(Input for this task):
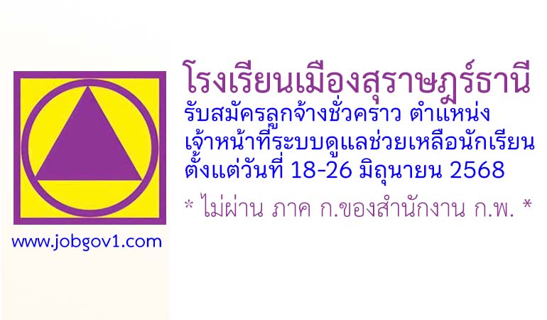 โรงเรียนเมืองสุราษฎร์ธานี รับสมัครลูกจ้างชั่วคราว ตำแหน่งเจ้าหน้าที่ระบบดูแลช่วยเหลือนักเรียน ตั้งแต่วันที่ 18-26 มิถุนายน 2568
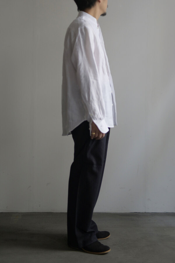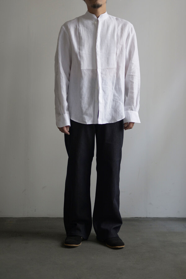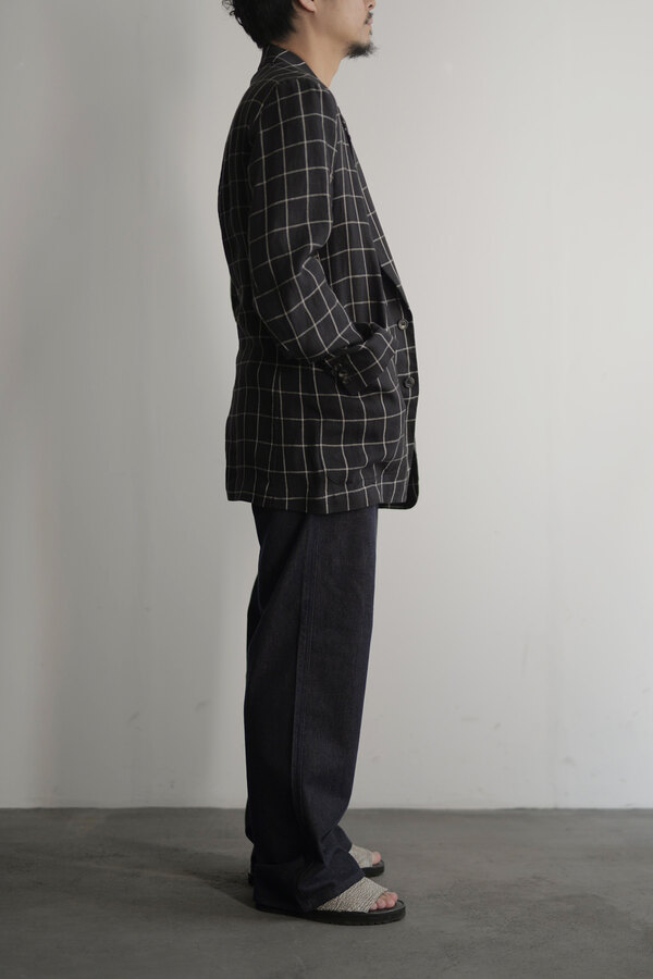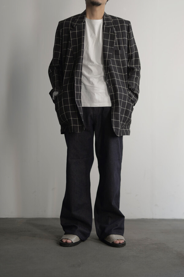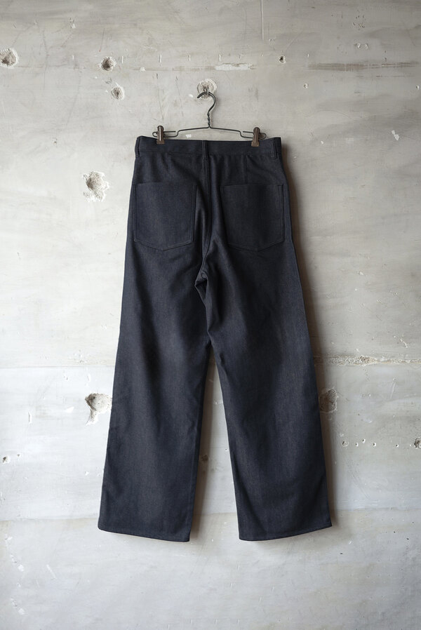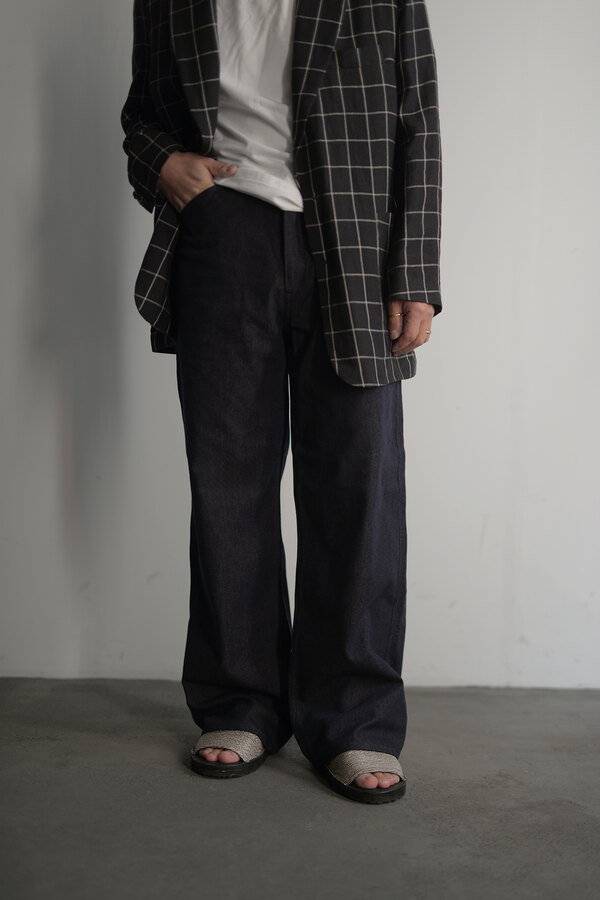 『普通は10%くらいしか入ってないと思うけど20%かぁ、だからこんなに柔らかいんやね。』とこのデニムを触ったお客様が言われていました。カシミアが入っています。デニムなのに肌が喜んでいる、そんな感じです。オンスはそこまで高くありません。軽やかに、心地よく穿けます。形は定番の5 PKT TROUSERS、太過ぎず、細過ぎず。腰回りはすっきりと。少し足長に見える気がして気分が良いです。同色のステッチでミニマムなデニム。どんな風に変化していくのか楽しみです。
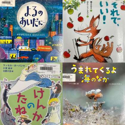 課題図書は「よるのあいだに」「それで、いい!」「けんかのたね」「うまれてくるよ海のなか」です。
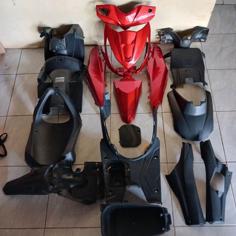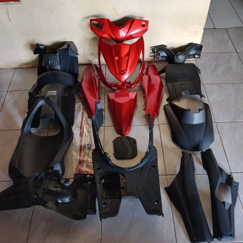 Cover full body halus kasar motor honda beat fi 2013-2014 stater kasar plus striping warna merah
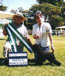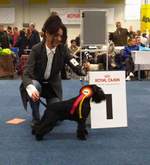Robin seen here with Kate McMillan his breeder(Minuteman Minis of Canada) showing in Australia. Robin taking one of his multiple In Show and Runner-Up Best in Show awards(judge Mrs G Lesh, terrier breed specialist)
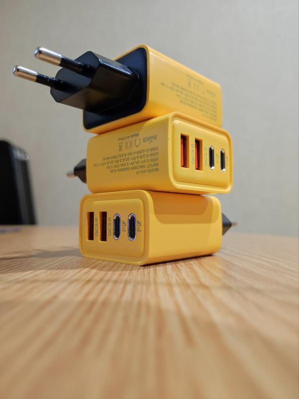 Зарядный блочек мощностью 120W 2x USB Да 2х Type-c В наличии желтый и черный цвета Новый! Товар протестирован, проверен временем. Гарантия 2 года!
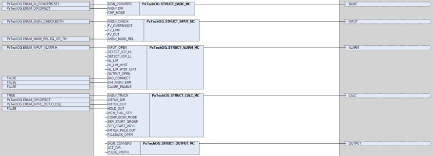 Для настройки алгоритма используется входная переменная CONFIG структурного типа STRUCT_CONFIG_MC, входная переменная IYYY_CONFIG структурного типа STRUCT_CONFIG_PVI и входная переменная СYYY_CONFIG структурного типа STRUCT_CONFIG_MLD_SW.
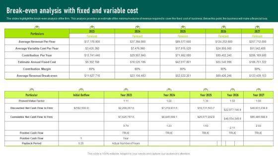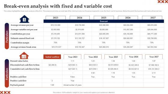 The slides highlight the break-even analysis of the firm. This analysis provides an estimate of the minimum volume of revenue required to cover the fixed cost of business. Below this point, the business will make a financial loss. Find a pre designed and impeccable Break Even Analysis With Fixed And Variable Cost Inspiration PDF. The templates can ace your presentation without additional effort. You can download these easy to edit presentation templates to make your presentation stand out from others. So, what are you waiting for Download the template from Slidegeeks today and give a unique touch to your presentation.
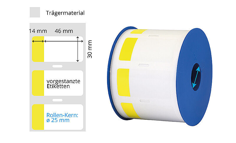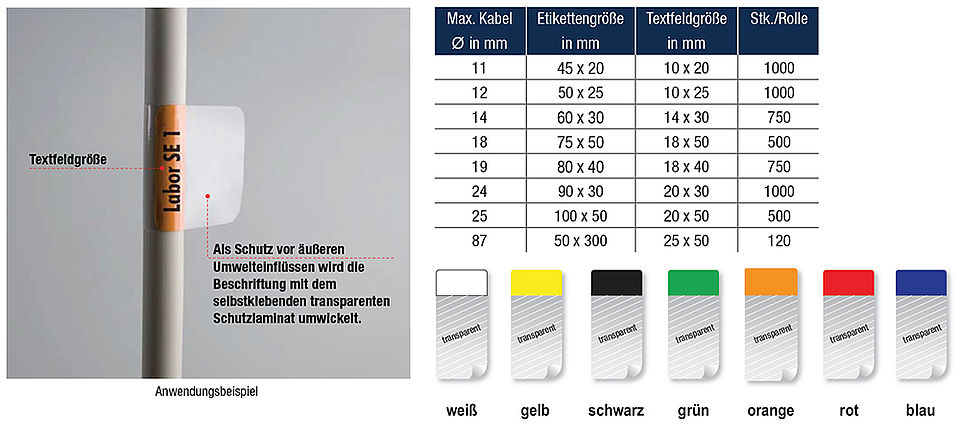 Sie können zwischen verschiedenen Farben und Grössen wählen. Beachten Sie dabei, dass die Etikettengrösse auf die Kabeldicke abgestimmt sein sollte. Standardgrössen ab Lager:
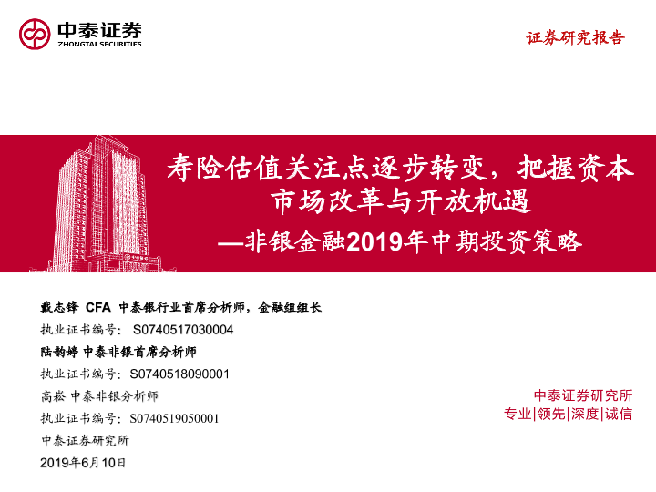 【中泰证券】【20190610】非银金融2019年中期投资策略:寿险估值关注点逐步转变,把握资本市场改革与开放机遇-32页
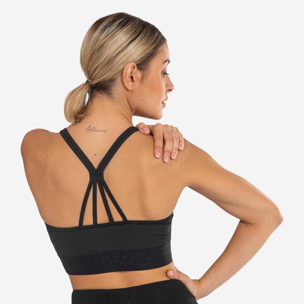 Différents styles s'offrent à vous si vous optez pour cette brassière de danse moderne. Portée seule, vous pouvez laisser libre cours à vos mouvements en laissant apparaître les bretelles et l'élastique en relief. Associez-là à un débardeur pour couvrir les bretelles et créer un dos élégant.
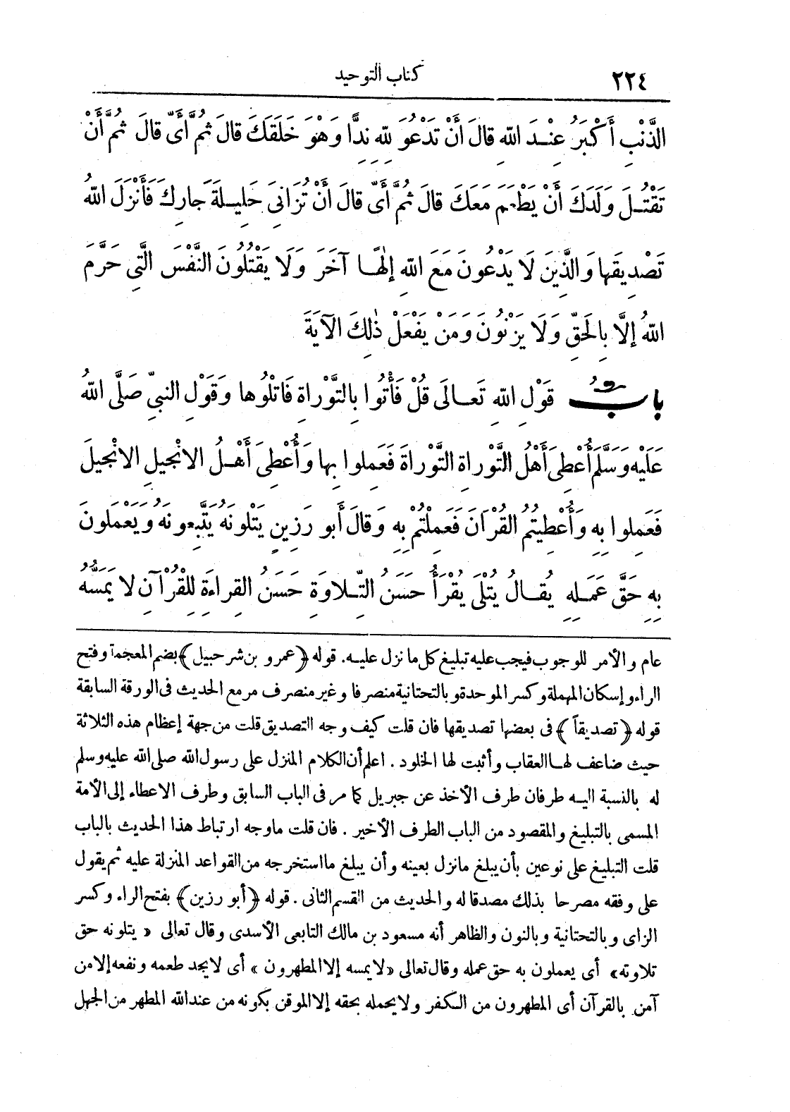 عام والأمر للوجوب فيجب عليه تبليغ كل ما نزل عليه، قوله {عمرو بن شرحبيل} بضم المعجمة وفتح الراء وإسكان المهملة وكسر الموحدة وبالتحتانية منصرفا وغير منصرف مر مع الحديث في الورقة السابقة قوله {تصديقا} في بعضها تصديقها فإن قلت كيف وجه التصديق قلت من جهة إعظام هذه الثلاثة حيث ضاعف لها العقاب وأثبت لها الخلود. اعلم أن الكلام المنزل على رسول الله صلى الله عليه وسلم له بالنسبة إليه طرفان طرف الأخذ عن جبريل كما مر في الباب السابق وطرف الإعطاء إلى الأمة المسمى بالتبليغ والمقصود من الباب الطرف الأخير، فإن قلت ما وجه ارتباط هذا الحديث بالباب قلت التبليغ على نوعين بأن يبلغ ما نزل بعينه وأن يبلغ ما استخرجه من القواعد المنزلة عليه ثم يقول على وفقه مصرحا بذلك مصدقا له والحديث في القسم الثاني. {باب قول الله تعالى قل فأتوا بالتوراة فاتلوها} قوله {أبو رزين} بفتح الراء وكسر الزاي وبالتحتانية وبالنون والظاهر أنه مسعود بن مالك التابعي الأسدي وقال تعالى " يتلونه حق تلاوته " أي يعملون به حق عمله وقال تعالى " لا يمسه إلا المطهرون " أي لا يجد طعمه ونفعه إلا من آمن بالقرآن أي المطهرون من الكفر ولا يحمله بحقه إلا الموقن بكونه من عند الله المطهر من الجهل
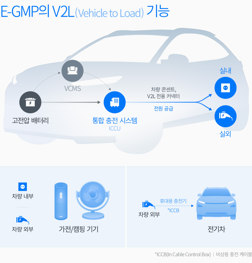E-GMP의 V2L 기능이 제공하는 최대 공급 전력은 주택용 계약 전력(한국전력공사와 어느 정도의 전기를 쓸지 계약하고 이에 맞게 공급받는 전력) 3kW보다 많은 3.5kW다. 덕분에 E-GMP 기반의 전기차는 220V 완속 충전이나 캠핑장 등에서 가전용 전자제품을 아무런 불편함 없이 쓸 수 있는 양방향 전력 사용이 가능하고, 비상 시에는 외부 전력원으로도 활용할 수 있다. 뿐만 아니라 E-GMP 기반의 전기차는 비상용 충전 케이블(ICCB : In-Cable Control Box)을 사용해 다른 전기차의 배터리를 완속으로 충전하는 등 활용 범위가 넓다.
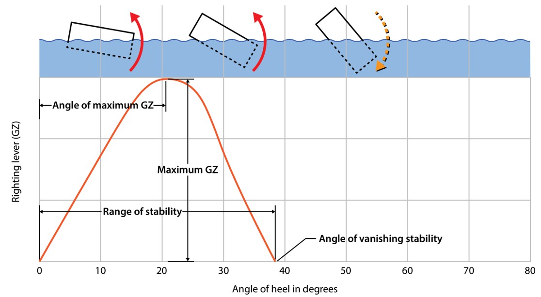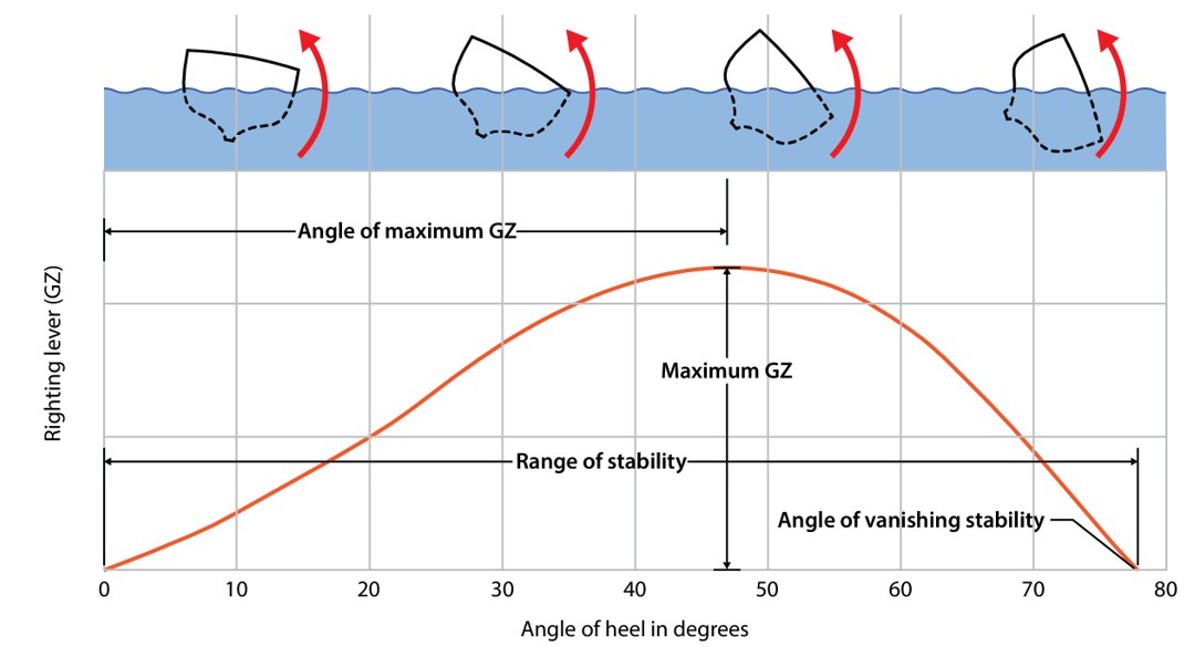 Vessels with relatively wide hulls and flat bottoms, such as barges, typically have a higher initial GM and a steep righting lever (GZ) curve (peaks at smaller angles), and the range of stability is much less than a traditionally shaped vessel. It is therefore important to ensure that the stability characteristics and loading limits are established and that the cargo crew are familiar with them.
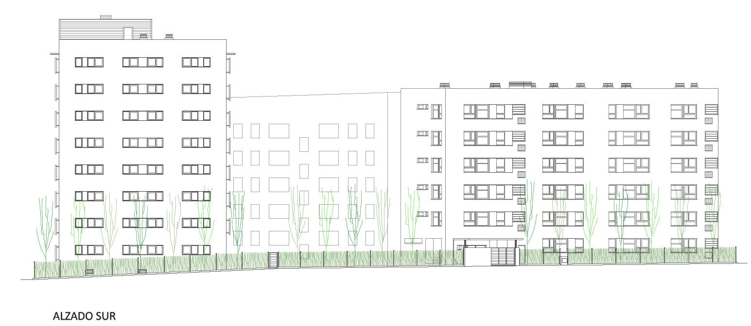 Se proyectan dos tipos de edificio. Un bloque alargado y bajo, destinado a vivienda de mayor tamaño, con dos orientaciones cruzadas.
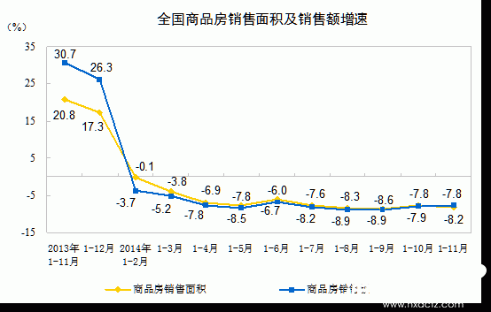 1-11月份,商品房銷售面積101717萬平方米,同比下降8.2%,降幅比1-10月份擴大0.4個百分點。其中,住宅銷售面積下降10.0%,辦公樓銷售面積下降9.2%,商業營業用房銷售面積增長7.1%。商品房銷售額64481億元,下降7.8%,降幅比1-10月份收窄0.1個百分點。其中,住宅銷售額下降9.7%,辦公樓銷售額下降20.9%,商業營業用房銷售額增長7.2%。
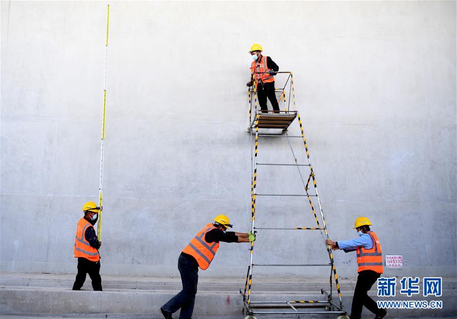 5月10日,中鐵電氣化局工程人員在鄭州新鄭機場至鄭州南站城際鐵路工地施工。新華社記者郝源攝
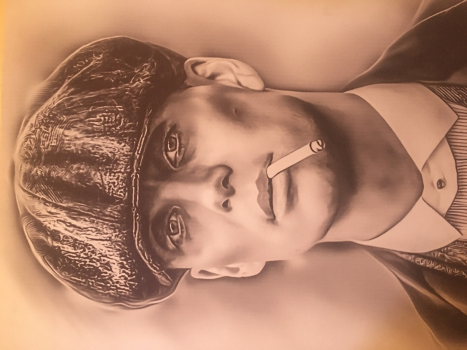 A sepia-toned image depicts a man with a sharp gaze. He wears a newsboy cap with intricate detailing and a collared shirt with subtle stripes. A cigarette is held casually in his mouth, adding to his confident demeanor. The style and attire suggest a vintage or period setting, possibly the early 20th century. The overall artistic rendering conveys a sense of both toughness and sophistication.

(Exercise): Pictures are not part of the copy. Restate everything else in the listing word for word.

(Answer to the exercise):
 โรงเรียนเมืองสุราษฎร์ธานี รับสมัครลูกจ้างชั่วคราว ตำแหน่งเจ้าหน้าที่ระบบดูแลช่วยเหลือนักเรียน ตั้งแต่วันที่ 18-26 มิถุนายน 2568
 『普通は10%くらいしか入ってないと思うけど20%かぁ、だからこんなに柔らかいんやね。』とこのデニムを触ったお客様が言われていました。カシミアが入っています。デニムなのに肌が喜んでいる、そんな感じです。オンスはそこまで高くありません。軽やかに、心地よく穿けます。形は定番の5 PKT TROUSERS、太過ぎず、細過ぎず。腰回りはすっきりと。少し足長に見える気がして気分が良いです。同色のステッチでミニマムなデニム。どんな風に変化していくのか楽しみです。
 課題図書は「よるのあいだに」「それで、いい!」「けんかのたね」「うまれてくるよ海のなか」です。
 Cover full body halus kasar motor honda beat fi 2013-2014 stater kasar plus striping warna merah
Robin seen here with Kate McMillan his breeder(Minuteman Minis of Canada) showing in Australia. Robin taking one of his multiple In Show and Runner-Up Best in Show awards(judge Mrs G Lesh, terrier breed specialist)
 Зарядный блочек мощностью 120W 2x USB Да 2х Type-c В наличии желтый и черный цвета Новый! Товар протестирован, проверен временем. Гарантия 2 года!
 Для настройки алгоритма используется входная переменная CONFIG структурного типа STRUCT_CONFIG_MC, входная переменная IYYY_CONFIG структурного типа STRUCT_CONFIG_PVI и входная переменная СYYY_CONFIG структурного типа STRUCT_CONFIG_MLD_SW.
 The slides highlight the break-even analysis of the firm. This analysis provides an estimate of the minimum volume of revenue required to cover the fixed cost of business. Below this point, the business will make a financial loss. Find a pre designed and impeccable Break Even Analysis With Fixed And Variable Cost Inspiration PDF. The templates can ace your presentation without additional effort. You can download these easy to edit presentation templates to make your presentation stand out from others. So, what are you waiting for Download the template from Slidegeeks today and give a unique touch to your presentation.
 Sie können zwischen verschiedenen Farben und Grössen wählen. Beachten Sie dabei, dass die Etikettengrösse auf die Kabeldicke abgestimmt sein sollte. Standardgrössen ab Lager:
 【中泰证券】【20190610】非银金融2019年中期投资策略:寿险估值关注点逐步转变,把握资本市场改革与开放机遇-32页
 Différents styles s'offrent à vous si vous optez pour cette brassière de danse moderne. Portée seule, vous pouvez laisser libre cours à vos mouvements en laissant apparaître les bretelles et l'élastique en relief. Associez-là à un débardeur pour couvrir les bretelles et créer un dos élégant.
 عام والأمر للوجوب فيجب عليه تبليغ كل ما نزل عليه، قوله {عمرو بن شرحبيل} بضم المعجمة وفتح الراء وإسكان المهملة وكسر الموحدة وبالتحتانية منصرفا وغير منصرف مر مع الحديث في الورقة السابقة قوله {تصديقا} في بعضها تصديقها فإن قلت كيف وجه التصديق قلت من جهة إعظام هذه الثلاثة حيث ضاعف لها العقاب وأثبت لها الخلود. اعلم أن الكلام المنزل على رسول الله صلى الله عليه وسلم له بالنسبة إليه طرفان طرف الأخذ عن جبريل كما مر في الباب السابق وطرف الإعطاء إلى الأمة المسمى بالتبليغ والمقصود من الباب الطرف الأخير، فإن قلت ما وجه ارتباط هذا الحديث بالباب قلت التبليغ على نوعين بأن يبلغ ما نزل بعينه وأن يبلغ ما استخرجه من القواعد المنزلة عليه ثم يقول على وفقه مصرحا بذلك مصدقا له والحديث في القسم الثاني. {باب قول الله تعالى قل فأتوا بالتوراة فاتلوها} قوله {أبو رزين} بفتح الراء وكسر الزاي وبالتحتانية وبالنون والظاهر أنه مسعود بن مالك التابعي الأسدي وقال تعالى " يتلونه حق تلاوته " أي يعملون به حق عمله وقال تعالى " لا يمسه إلا المطهرون " أي لا يجد طعمه ونفعه إلا من آمن بالقرآن أي المطهرون من الكفر ولا يحمله بحقه إلا الموقن بكونه من عند الله المطهر من الجهل
E-GMP의 V2L 기능이 제공하는 최대 공급 전력은 주택용 계약 전력(한국전력공사와 어느 정도의 전기를 쓸지 계약하고 이에 맞게 공급받는 전력) 3kW보다 많은 3.5kW다. 덕분에 E-GMP 기반의 전기차는 220V 완속 충전이나 캠핑장 등에서 가전용 전자제품을 아무런 불편함 없이 쓸 수 있는 양방향 전력 사용이 가능하고, 비상 시에는 외부 전력원으로도 활용할 수 있다. 뿐만 아니라 E-GMP 기반의 전기차는 비상용 충전 케이블(ICCB : In-Cable Control Box)을 사용해 다른 전기차의 배터리를 완속으로 충전하는 등 활용 범위가 넓다.
 Vessels with relatively wide hulls and flat bottoms, such as barges, typically have a higher initial GM and a steep righting lever (GZ) curve (peaks at smaller angles), and the range of stability is much less than a traditionally shaped vessel. It is therefore important to ensure that the stability characteristics and loading limits are established and that the cargo crew are familiar with them.
 Se proyectan dos tipos de edificio. Un bloque alargado y bajo, destinado a vivienda de mayor tamaño, con dos orientaciones cruzadas.
 1-11月份,商品房銷售面積101717萬平方米,同比下降8.2%,降幅比1-10月份擴大0.4個百分點。其中,住宅銷售面積下降10.0%,辦公樓銷售面積下降9.2%,商業營業用房銷售面積增長7.1%。商品房銷售額64481億元,下降7.8%,降幅比1-10月份收窄0.1個百分點。其中,住宅銷售額下降9.7%,辦公樓銷售額下降20.9%,商業營業用房銷售額增長7.2%。
 5月10日,中鐵電氣化局工程人員在鄭州新鄭機場至鄭州南站城際鐵路工地施工。新華社記者郝源攝
 A sepia-toned image depicts a man with a sharp gaze. He wears a newsboy cap with intricate detailing and a collared shirt with subtle stripes. A cigarette is held casually in his mouth, adding to his confident demeanor. The style and attire suggest a vintage or period setting, possibly the early 20th century. The overall artistic rendering conveys a sense of both toughness and sophistication.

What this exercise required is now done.